_EXERCISE AIM:_ What you need to produce from the material below is an exact transcription of the lines from the one with "Wide-leg cady trousers" through the one with "金糸で伝統文様を織り出した金襴生地を使用し、目は刺繍で仕上げています。", both included, and no other line.

_DATA RECORDS:_

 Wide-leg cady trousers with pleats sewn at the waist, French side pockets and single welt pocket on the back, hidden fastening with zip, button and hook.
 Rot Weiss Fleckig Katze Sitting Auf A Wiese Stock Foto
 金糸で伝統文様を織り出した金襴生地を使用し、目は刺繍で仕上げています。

...

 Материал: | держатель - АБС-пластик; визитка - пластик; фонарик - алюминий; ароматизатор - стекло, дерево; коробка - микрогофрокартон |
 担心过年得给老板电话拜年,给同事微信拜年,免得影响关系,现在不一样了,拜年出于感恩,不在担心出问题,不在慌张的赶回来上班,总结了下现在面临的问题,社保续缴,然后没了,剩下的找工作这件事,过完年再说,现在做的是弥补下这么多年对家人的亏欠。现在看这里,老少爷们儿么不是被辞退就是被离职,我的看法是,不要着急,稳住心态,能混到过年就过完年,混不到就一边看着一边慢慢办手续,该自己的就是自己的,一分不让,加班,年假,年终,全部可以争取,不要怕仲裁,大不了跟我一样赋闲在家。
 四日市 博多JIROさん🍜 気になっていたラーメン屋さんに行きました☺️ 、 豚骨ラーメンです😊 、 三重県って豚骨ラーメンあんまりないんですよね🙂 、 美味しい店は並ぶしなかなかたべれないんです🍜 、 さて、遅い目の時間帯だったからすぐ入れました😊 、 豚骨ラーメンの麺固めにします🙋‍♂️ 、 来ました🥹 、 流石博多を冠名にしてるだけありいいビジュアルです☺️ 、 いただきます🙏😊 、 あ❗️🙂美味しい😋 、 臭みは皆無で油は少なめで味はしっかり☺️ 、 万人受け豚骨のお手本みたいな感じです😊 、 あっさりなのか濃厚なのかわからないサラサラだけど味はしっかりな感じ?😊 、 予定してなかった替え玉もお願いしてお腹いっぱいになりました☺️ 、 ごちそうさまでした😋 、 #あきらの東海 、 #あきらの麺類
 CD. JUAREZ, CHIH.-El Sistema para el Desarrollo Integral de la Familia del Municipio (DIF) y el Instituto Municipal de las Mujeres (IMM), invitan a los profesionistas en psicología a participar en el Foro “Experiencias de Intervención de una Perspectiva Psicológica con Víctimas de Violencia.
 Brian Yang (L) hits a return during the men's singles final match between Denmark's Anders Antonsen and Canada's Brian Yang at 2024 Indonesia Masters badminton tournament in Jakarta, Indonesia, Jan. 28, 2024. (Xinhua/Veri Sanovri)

--

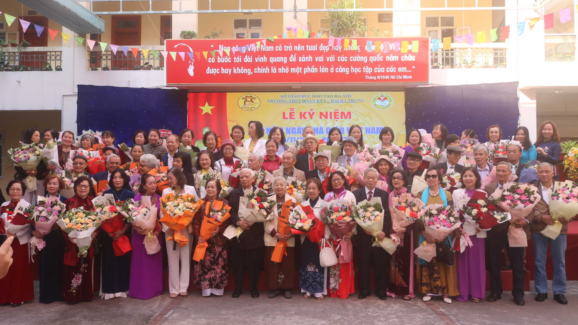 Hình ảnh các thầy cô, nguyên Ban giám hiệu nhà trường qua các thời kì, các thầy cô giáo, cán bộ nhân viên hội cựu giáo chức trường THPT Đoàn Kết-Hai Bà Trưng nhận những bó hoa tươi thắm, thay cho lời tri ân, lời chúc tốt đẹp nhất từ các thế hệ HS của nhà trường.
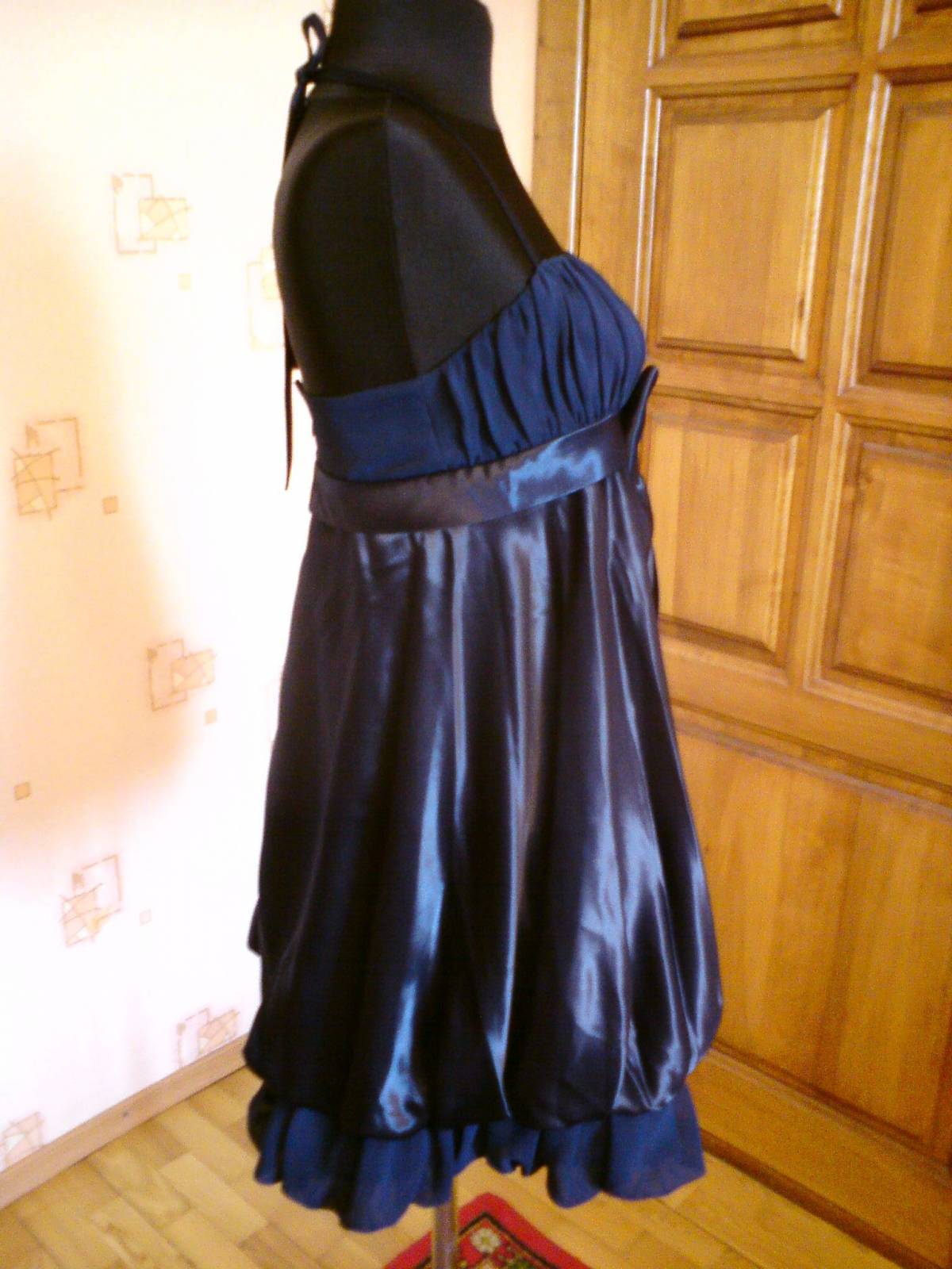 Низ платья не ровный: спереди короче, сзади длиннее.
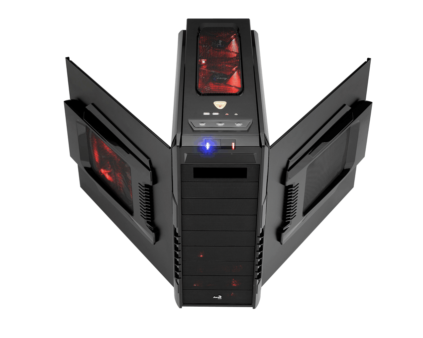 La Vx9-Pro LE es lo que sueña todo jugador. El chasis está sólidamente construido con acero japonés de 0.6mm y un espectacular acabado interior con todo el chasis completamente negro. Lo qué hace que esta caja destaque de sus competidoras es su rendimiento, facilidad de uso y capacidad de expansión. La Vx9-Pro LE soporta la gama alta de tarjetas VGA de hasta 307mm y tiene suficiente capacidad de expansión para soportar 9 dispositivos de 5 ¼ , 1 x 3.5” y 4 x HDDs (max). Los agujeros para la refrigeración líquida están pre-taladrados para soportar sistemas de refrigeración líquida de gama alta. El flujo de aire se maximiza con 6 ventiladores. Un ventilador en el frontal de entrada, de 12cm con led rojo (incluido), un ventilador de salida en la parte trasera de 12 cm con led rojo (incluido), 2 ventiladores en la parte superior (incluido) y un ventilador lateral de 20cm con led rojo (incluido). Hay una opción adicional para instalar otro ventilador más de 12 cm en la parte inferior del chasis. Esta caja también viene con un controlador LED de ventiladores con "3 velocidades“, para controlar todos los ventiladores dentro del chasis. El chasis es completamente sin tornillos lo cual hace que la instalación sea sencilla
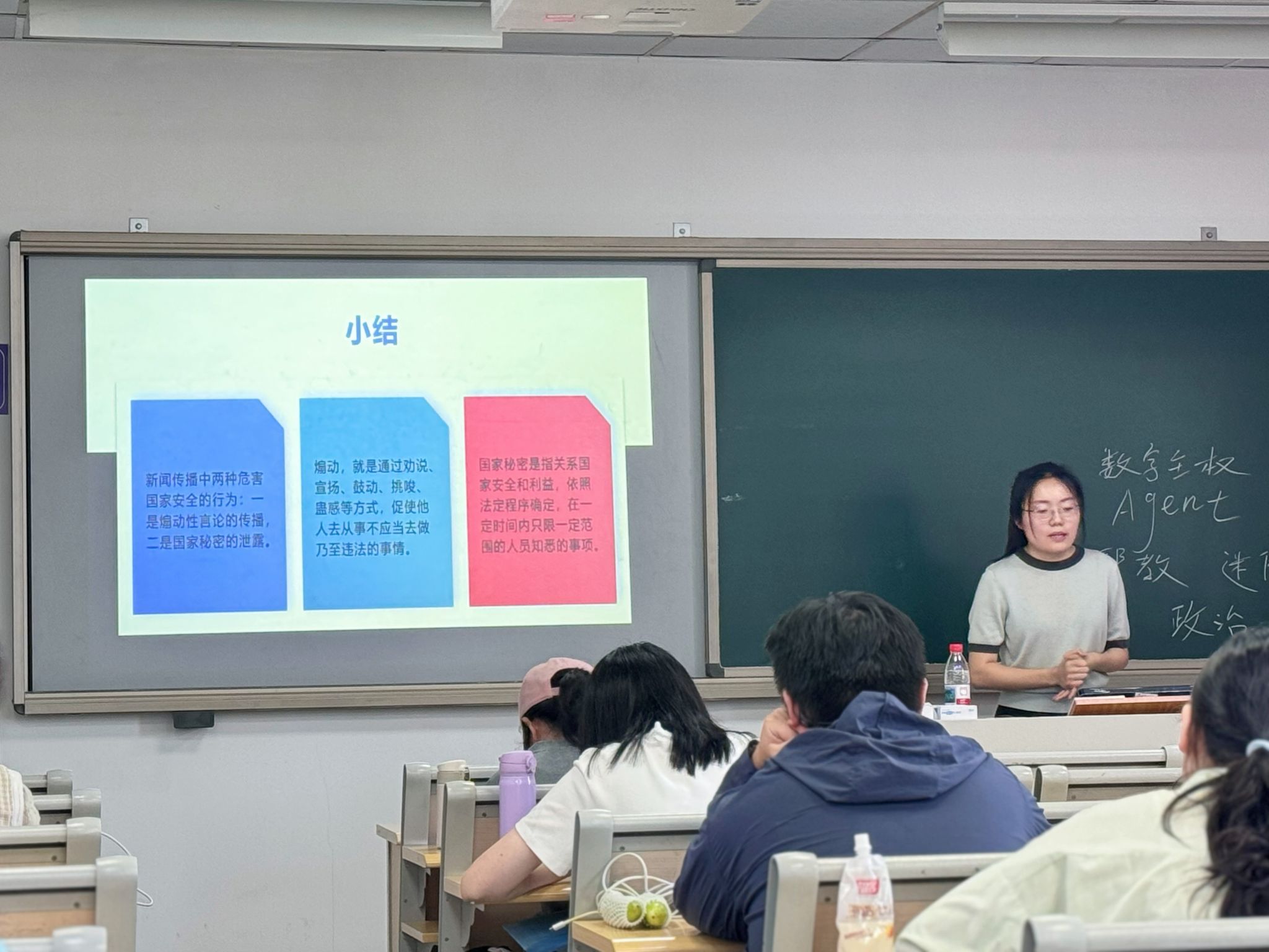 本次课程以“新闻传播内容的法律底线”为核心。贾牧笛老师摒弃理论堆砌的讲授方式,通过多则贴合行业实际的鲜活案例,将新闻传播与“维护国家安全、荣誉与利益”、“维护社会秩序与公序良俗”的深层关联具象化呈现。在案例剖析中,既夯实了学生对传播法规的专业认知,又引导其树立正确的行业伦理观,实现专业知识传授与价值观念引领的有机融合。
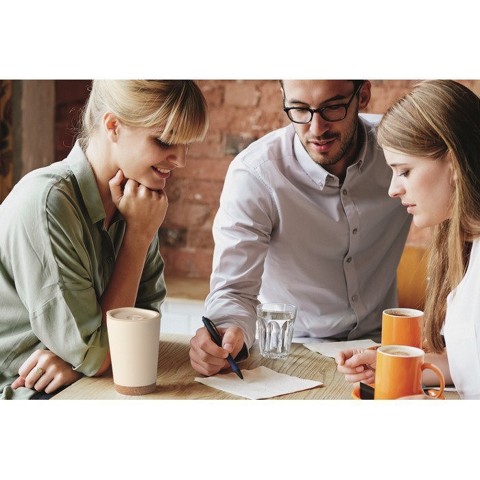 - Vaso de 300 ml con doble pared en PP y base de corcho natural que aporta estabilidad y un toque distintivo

_RESPONSE BELOW:_
 Wide-leg cady trousers with pleats sewn at the waist, French side pockets and single welt pocket on the back, hidden fastening with zip, button and hook.
 Rot Weiss Fleckig Katze Sitting Auf A Wiese Stock Foto
 金糸で伝統文様を織り出した金襴生地を使用し、目は刺繍で仕上げています。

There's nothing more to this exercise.